My appreciation of the male Gladiators’ physiques isn’t some gay fetish. Young and old males, straight or not, watch wrestling and mixed-martial arts partly because of the look most fighters foster. The man who is the strong, dangerous type, is the man most admired; it creates envy and the desire to be him. The Gladiators and people like them are the reason some weekend warriors exist; they pump away, mostly foolishly, trying to grow mirror muscles.

But as much I am mesmerized by Gladiator muscle, I think that there must be a steroid buffet set beside the crafts table backstage. The side-effects of toxic livers, bitch tits, tiny testicles, maybe cancer, and some rage issues are all just minor hazards of the job. Not to worry, you look good. No, you look fucking great.

Thank goodness NBC allayed my fears that this crop of Gladiators was juicing. The network says they were tested for steroids. How rigorous the testing was — did NBC follow WADA’s International Standard for Testing? — isn’t known. But tested they were, so Titan’s “nearly godlike strength” is all clean, no needles required.

If I worry that the muscle I see on American Gladiators is the unnatural type, it’s because of the world depicted in last fall’s Steroid Nation, written by Shaun Assael, an investigative reporter for ESPN The Magazine. While Assael provides a distilled history of steroid and performance enhancing drug use — a good start for someone with a casual interest in the subject — he fails to provide the sociological examination promised on the inside jacket.

Assael is at his strongest when he profiles Dan Duchaine, a convicted drug dealer and co-author of the Underground Steroid Handbook. Duchaine’s appetite for experimentation included the use of the industrial chemical Dinitrophenol:

DNP, as it is known, was employed in the early 1900s to ignite explosives. But German researchers found that it led to drastic weight loss when swallowed because it caused the body to burn calories as heat instead of storing them as fat. By turning the internal thermostat way up, DNP, which is similar in structure to TNT, can increase one’s metabolism by as much as 50 percent. It is literally like playing with fire and users can incinerate their insides if they take too much. (155)

But when Assael moves away from reporting Duchaine’s life we realize that the author’s information has been reported elsewhere. Assael’s BALCO reporting, which makes up a large portion of the backend of the book, borrows heavily from several books, most notably Game of Shadows by Mark Fainaru-Wada and Lance Williams.

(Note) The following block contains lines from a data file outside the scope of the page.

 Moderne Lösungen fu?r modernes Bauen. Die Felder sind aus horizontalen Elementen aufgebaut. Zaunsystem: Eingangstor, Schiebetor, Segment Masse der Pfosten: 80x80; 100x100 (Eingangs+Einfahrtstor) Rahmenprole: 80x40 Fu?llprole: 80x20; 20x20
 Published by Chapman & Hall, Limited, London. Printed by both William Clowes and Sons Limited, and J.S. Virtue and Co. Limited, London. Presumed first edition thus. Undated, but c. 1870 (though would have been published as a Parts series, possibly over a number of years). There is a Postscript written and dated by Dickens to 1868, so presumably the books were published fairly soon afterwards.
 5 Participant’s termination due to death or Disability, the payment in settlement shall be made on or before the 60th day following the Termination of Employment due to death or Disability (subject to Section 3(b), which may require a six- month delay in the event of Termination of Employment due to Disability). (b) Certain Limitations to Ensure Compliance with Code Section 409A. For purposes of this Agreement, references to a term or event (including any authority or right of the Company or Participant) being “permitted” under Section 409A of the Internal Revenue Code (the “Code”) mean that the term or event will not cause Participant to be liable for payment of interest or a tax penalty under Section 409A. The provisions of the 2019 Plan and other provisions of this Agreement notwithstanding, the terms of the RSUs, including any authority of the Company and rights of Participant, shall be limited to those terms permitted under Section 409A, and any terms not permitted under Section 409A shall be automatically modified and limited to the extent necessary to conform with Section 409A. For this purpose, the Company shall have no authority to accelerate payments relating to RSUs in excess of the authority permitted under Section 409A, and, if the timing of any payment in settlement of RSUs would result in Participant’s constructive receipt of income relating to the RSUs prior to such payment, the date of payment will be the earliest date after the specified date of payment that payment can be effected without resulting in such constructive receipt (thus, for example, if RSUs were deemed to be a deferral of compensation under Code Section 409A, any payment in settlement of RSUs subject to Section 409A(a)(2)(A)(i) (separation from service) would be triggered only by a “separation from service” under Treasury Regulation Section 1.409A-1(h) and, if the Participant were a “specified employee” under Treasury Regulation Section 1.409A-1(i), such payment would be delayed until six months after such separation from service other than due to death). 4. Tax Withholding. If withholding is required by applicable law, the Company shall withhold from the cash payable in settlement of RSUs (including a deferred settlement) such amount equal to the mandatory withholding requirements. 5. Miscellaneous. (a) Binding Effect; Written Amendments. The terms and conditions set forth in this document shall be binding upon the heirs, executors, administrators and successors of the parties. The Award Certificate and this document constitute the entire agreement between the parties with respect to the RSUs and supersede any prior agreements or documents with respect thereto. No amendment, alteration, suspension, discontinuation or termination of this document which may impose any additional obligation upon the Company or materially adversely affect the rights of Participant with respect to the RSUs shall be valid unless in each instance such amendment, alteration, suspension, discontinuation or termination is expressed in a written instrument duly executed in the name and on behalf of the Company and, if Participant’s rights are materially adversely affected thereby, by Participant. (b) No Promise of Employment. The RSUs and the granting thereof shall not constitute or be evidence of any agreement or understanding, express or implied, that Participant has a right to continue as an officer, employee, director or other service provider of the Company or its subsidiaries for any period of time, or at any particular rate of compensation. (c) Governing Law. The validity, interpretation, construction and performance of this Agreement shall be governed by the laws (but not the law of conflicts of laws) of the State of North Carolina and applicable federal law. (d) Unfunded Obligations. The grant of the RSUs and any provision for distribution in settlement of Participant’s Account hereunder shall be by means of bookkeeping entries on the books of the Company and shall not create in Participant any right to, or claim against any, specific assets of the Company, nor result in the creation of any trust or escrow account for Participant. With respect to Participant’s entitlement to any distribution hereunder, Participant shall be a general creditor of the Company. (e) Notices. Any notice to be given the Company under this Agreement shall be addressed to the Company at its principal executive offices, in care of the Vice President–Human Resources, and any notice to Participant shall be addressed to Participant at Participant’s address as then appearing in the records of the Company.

steroids.jpgAssael should have devoted more time to original reporting and answering the question of why he sees steroids as America’s True Drug Addiction. In the presence of only anecdotes about users and the absence of a definitive answer to this question, Steroid Nation atrophies into a 300-page summary of doping scandals in sports dating to the 1980s.

A point Assael makes clear is that if an athlete appears more than human, then it’s likely he or she does not suffer from belonephobia. The answer of why is obvious: the desire for perfection in performance and physique suffers no boundaries; experimentation with drugs is okay if it helps an athlete achieve an impossible feat when it had been attempted minus the manipulation of chemicals.

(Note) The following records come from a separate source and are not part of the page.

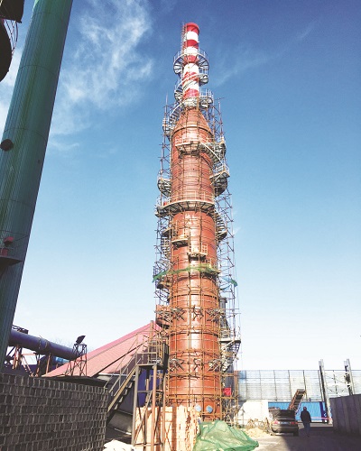 山西沁新能源集团股份有限公司焦化分公司新建5、6#备用脱硫塔工程5#备用脱硫塔于2017年11月24日顺利封顶。
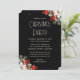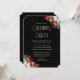 Invitation élégante de fête de Noël en noir, parfaite pour les fêtes de Noël, les soirées de vacances, les événements d'entreprise, les cocktails de vacances et plus encore. Personnalisez facilement cette invitation de fête attrayante mettant en vedette des botaniques hivernales de poinsettia blanc, de houx aux baies rouges, de branches de conifères et de petites étoiles avec les détails de votre fête.
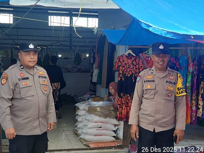 Kegiatan Rutin Yang Di Tingkatkan ( KRYD ) di pasar rakyat Onan Sukaramai berjalan dengan baik aman dan lancar, Polres Pakpak Bharat melalui Polsek Sukaramai bertekad memberikan pelayanan yang Presisi kepada masyarakat saat Perayaan hari Natal 2025 dan saat jelang Pergantian tahun. (Ayu)
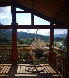 环境不错,花园长满了好看的花,比较幽静,因为在山坡上,离路边有一段距离,我住的独栋别墅,有个大阳台可以看湖景可以晾衣服,下面可以停车很方便,下面有个小餐厅早上还有早餐吃,价格很实惠,店家服务态度好。
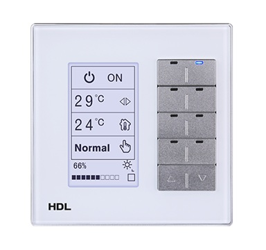 Modern Series DLP Smart Panel is a multi-function control panel for home automation. With 8 control buttons and 2 page buttons, the panel has 4 general pages for lighting, curtains, etc. Dedicated pages are assigned for air conditioning, floor heating and background music playing. According to customers’ preferences, icons on LCD display can be changed through programming software.
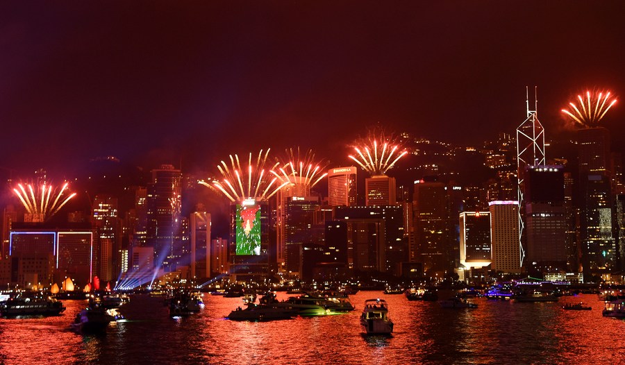 Fireworks explode to celebrate the New Year in Hong Kong, south China on Jan. 1, 2023. (Xinhua/Chen Duo)
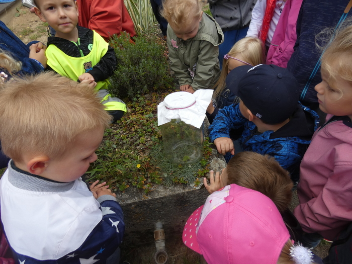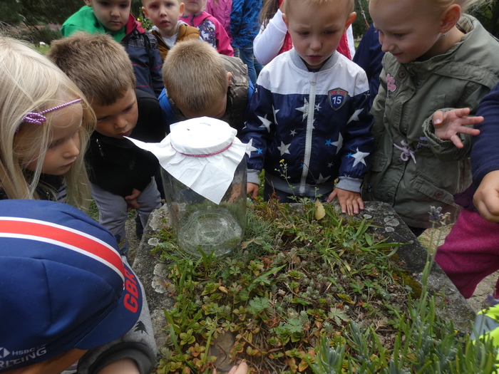 Na zahradě se objevila žabka rosnička - přísně chráněný druh. Děti si ji prohlédly ve velké zavařovací láhvi, mohly obdivovat.
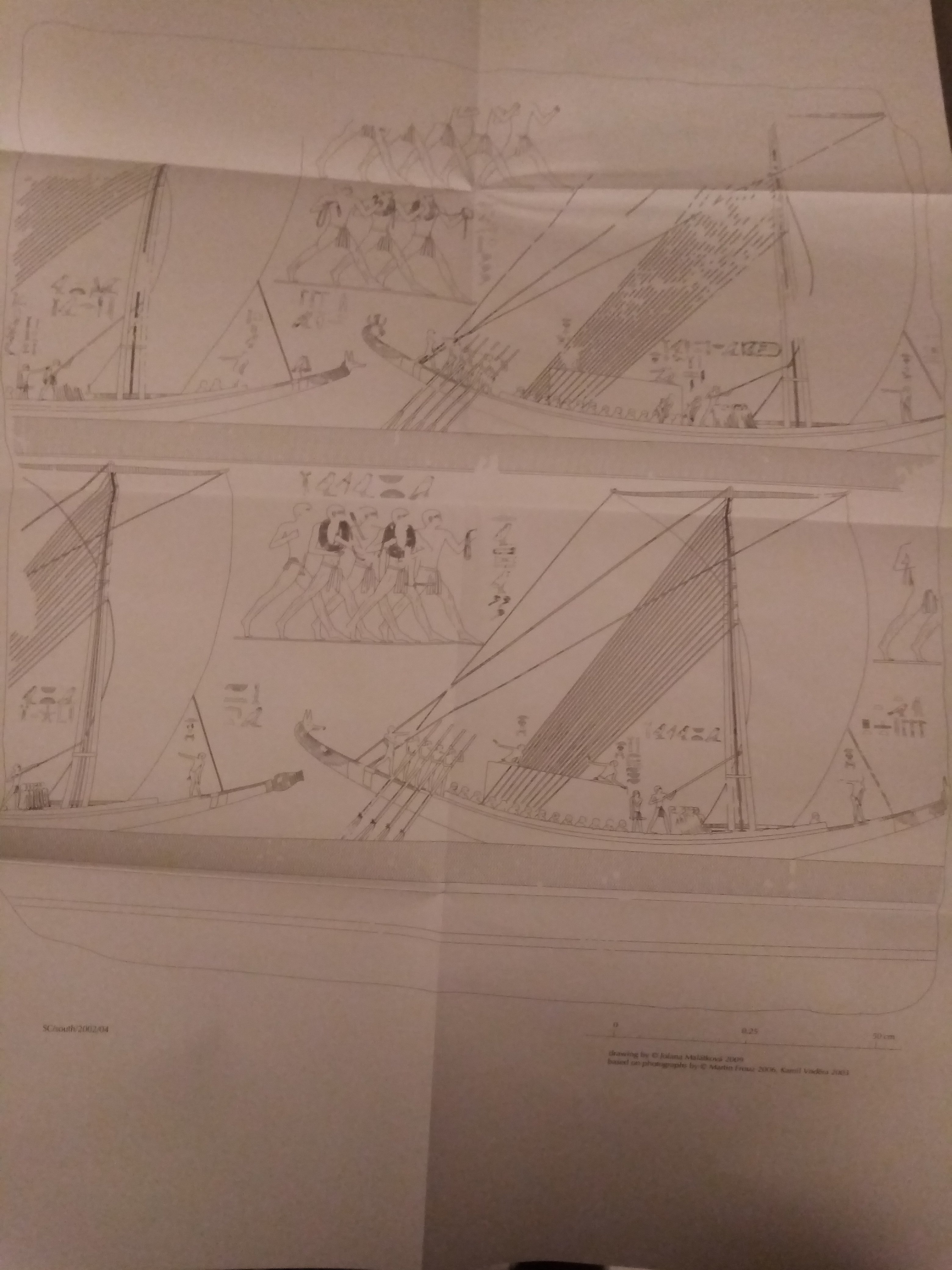 Quelques reliefs montrant de gigantesques bateaux venant de la chaussée du complexe funéraire de Sahourê.

That doesn’t lead to a “Steroid Nation,” but it does ramp up steroid use. Perhaps Assael is saying that by not madly protesting the latest athlete exposed as a cheater that we become complicit in the Circle of ‘Roids. We ask for the most from our athletes, and if it means they have to cheat, we don’t care as long as we’re entertained. But when the Mitchell Report was released last December, people did care to know who was juicing. Sure, there was no widespread outrage, but I didn’t read about rallies in support of drug use either.

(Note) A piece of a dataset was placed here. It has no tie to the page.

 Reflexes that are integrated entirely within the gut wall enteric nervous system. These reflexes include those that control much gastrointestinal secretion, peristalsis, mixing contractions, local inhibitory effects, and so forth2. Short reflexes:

When I watch American Gladiators, I know what’s on the screen is hardly natural. The men wear mikinis, which no self-respecting guy would wear unless he was manipulated, chemically or financially. Are the Gladiators juiced up freaks? Freaks, yes. Juiced up? You know what NBC says. Do I care? Not really. Does this mean I am willfully blind and part of a “Steroid Nation?” Shaun Assael would say, well, he never really does say one way or another. My answer is no.